When you say consumer products would this include the Telsa range?

cbuchner1 · July 30, 2008, 1:22pm

I have no in-depth knowledge about the difference between Tesla and the consumer graphics boards. All I know is that they usually have more memory on board. Whether there are any other subtle differences besides the missing DVI/VGA ports, I cannot say.

MisterAnderson42 · July 30, 2008, 3:02pm

I don’t know what the details of what the hardware does or does not do for error checking, but I can offer anecdotal evidence. My app is an n-body type simulation usually run for millions of steps, the soluntions are chaotic meaning that even a 1-bit change in the lowest precision bit of a floating point value will lead to drastically different (though statistically similar) results after only a few thousand steps. I have never noticed such a difference on the GPU. Every single repeat run from the same initial conditions I’ve checked is bit for bit equal to the others. I’ve seen this behavior on both Tesla and 8800 GTX.

Overclocked GPUs are another story. I usually get crashes or NaN results within a few 1000 steps, which I presume is due to occasional bit errors that wouldn’t effect gaming as you say. But in an app where the kernel loops over a value read from memory, a 1-bit error can turn that loop into a infinite loop and an apparent crash.

At stock clocks, the GPUs are very stable. I’ve had simulations running 24/7 for several weeks now without any problems.

SPWorley · July 30, 2008, 8:52pm

I can give anecdotal confirmation of that as well… I have a simulation cooking which also is bit-sensitive and it’s churned 24/7 for a month without a squeak on a 280GTX even with an underpowered PSU. The computes are double-checked because the GPU is identifying candidates and the CPU is used to verify that the candidates actually pass the criterion the GPU said they did.

I also ran some simple tests between the 280GTX and my laptop’s GPU, those were done manually one afternoon but they were bit-for-bit matching too.

So it’s not a guarantee, but GPU results do seem reliably predictable.

tmurray · July 30, 2008, 8:59pm

The story on differences between Tesla and GeForce in terms of memory:

No, we do not have ECC at the moment.
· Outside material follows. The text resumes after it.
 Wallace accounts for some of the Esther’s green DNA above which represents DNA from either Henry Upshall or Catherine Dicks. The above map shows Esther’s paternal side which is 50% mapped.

However, we do take a number of steps to ensure zero bit errors on Tesla compared to GeForce. First, we use memory that’s tested to much higher specifications on Tesla (I believe this means much longer at higher temps AND higher frequencies). If there are any problems whatsoever, it gets thrown out. Second, we lower the clock on our memory on Teslas compared to what the memory is actually specced for in order to guarantee that there are no bit errors (so not only did we not see any when testing at a higher frequency, we also underclock the memory).

So, Tesla is more reliable than GeForce in terms of memory. That’s not to say that GeForce is bad, just that it’s not tested as thoroughly (if you have a bit error on your average GeForce, who cares? it’s a pixel that appears for 1/30 of a second!).
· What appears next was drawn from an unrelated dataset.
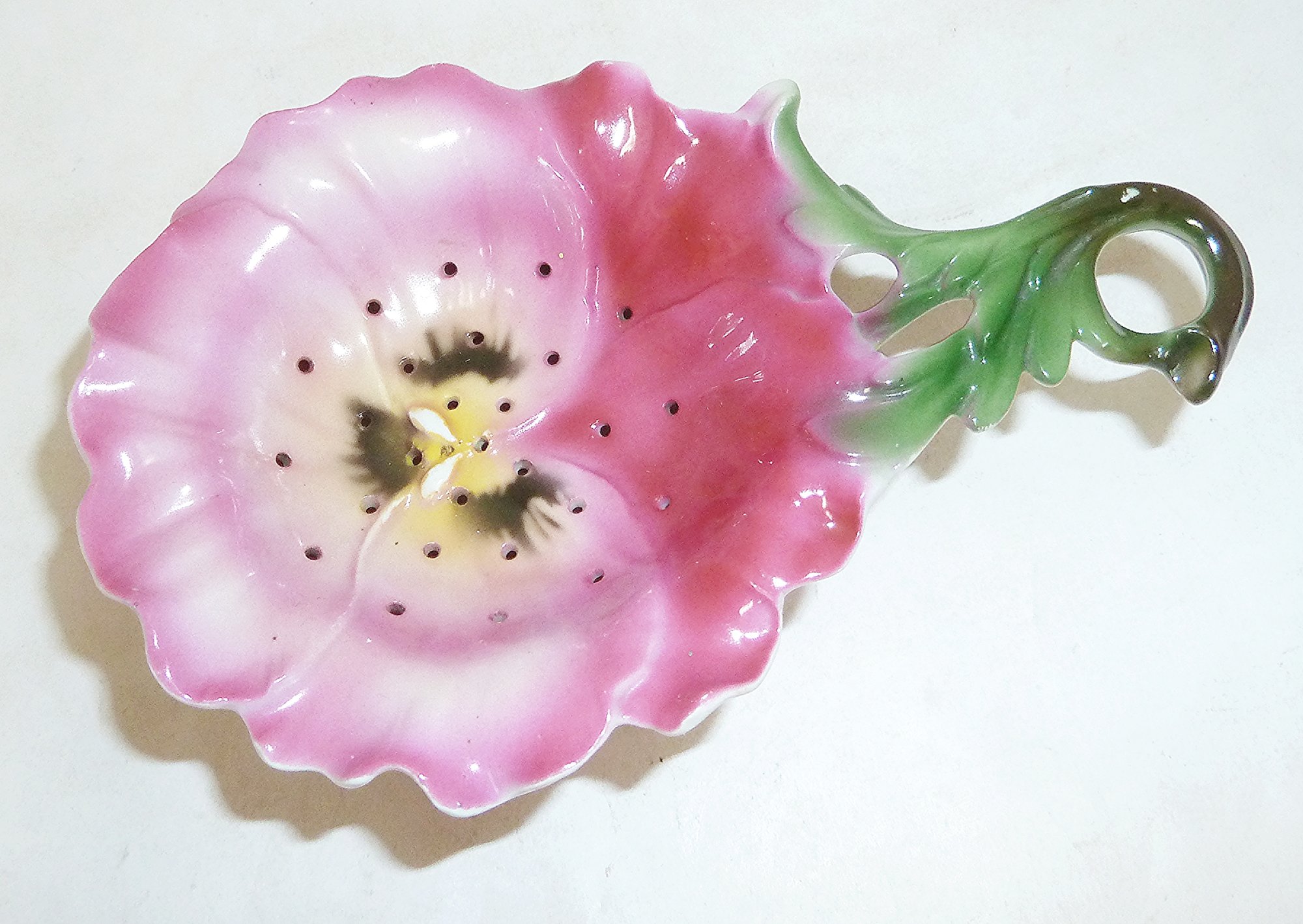 IN-HOUSE SHIPPING OR PICKUP AVAILABLE ~ This piece has WOW color, beautiful pansy flower shaped tea strainer, vintage signed ROYAL BAYREUTH, ready to use or display. Make tea time special with this gorgeous piece on your table or stand. We have several lots of Royal Bayreuth listed in this auction that are sold separately please see them all.

Finally, since Tesla has been introduced, we’ve never seen a bit error, either in our internal testing or reported to us by customers. We haven’t seen a bit error on GeForce, either.

cbuchner1 · July 30, 2008, 9:09pm

Okay, but that random cosmic ray streak is just waiting to hit your DRAM cell and flip the bit. So I guess until that ECC feature is available, one should not control an automated brain surgery robot with CUDA.

;-)

eelsen · July 30, 2008, 9:26pm

No, you just have two different cards perform the same calculation and if they don’t agree you do it again. Then you start cutting out brain.
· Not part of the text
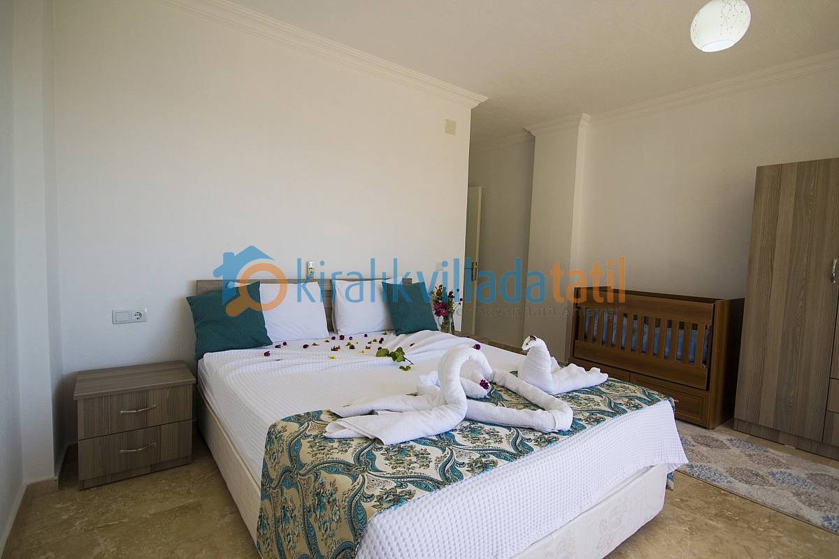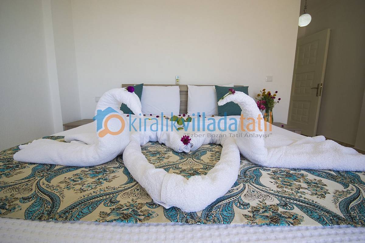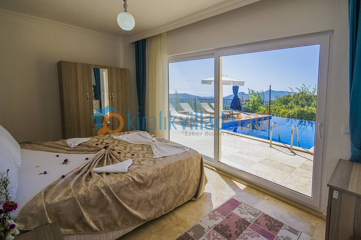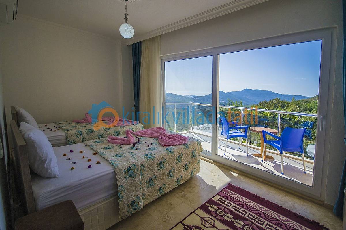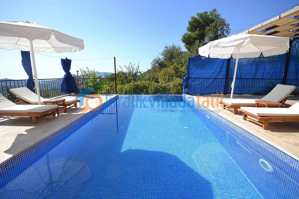 İslamlar Köyünün girişi olan Öz mevkiinde konumlandırılan villamız, deniz ve doğa manzarasına sahip villalar bölgesindedir. Kalkan şehir merkezine yaklaşık 5 km mesafede bulunmakta olup, günlük ihtiyaçlarınız için en yakın market yaklaşık 1 km mesafededir. Villamızda internet bağlantısı, özel açık otopark mevcuttur. Havuz terasında bulunan perdeler ile %100 korunaklı hale gelmektedir. Villamızda zemin katta bir çift kişilik ebeveyn yatak odası bulunmaktadır. 1.Katta ise bir adet çift kişilik ebeveyn yatak odası, bir adet te 2 adet tek kişilik yatağın bulunduğu genç yatak odası bulunmaktadır. Tüm yatak odaları banyolu ve üst kattaki odalara manzaralı ve balkonludur.

But what if there are TWO cosmic rays and they happen to flip the same bit on two different cards…?

cbuchner1 · July 30, 2008, 9:34pm

Good catch, I wasn’t thinking about redundancy yet. You could also run the same calculation twice on one piece of hardware - but that would allow a reproducable hardware malfunction to trigger the same error twice. So the idea of two cards which have to agree is nice.

Could also use 3 cards and use a majority vote - so the brain surgery proceeds even in case of one fault.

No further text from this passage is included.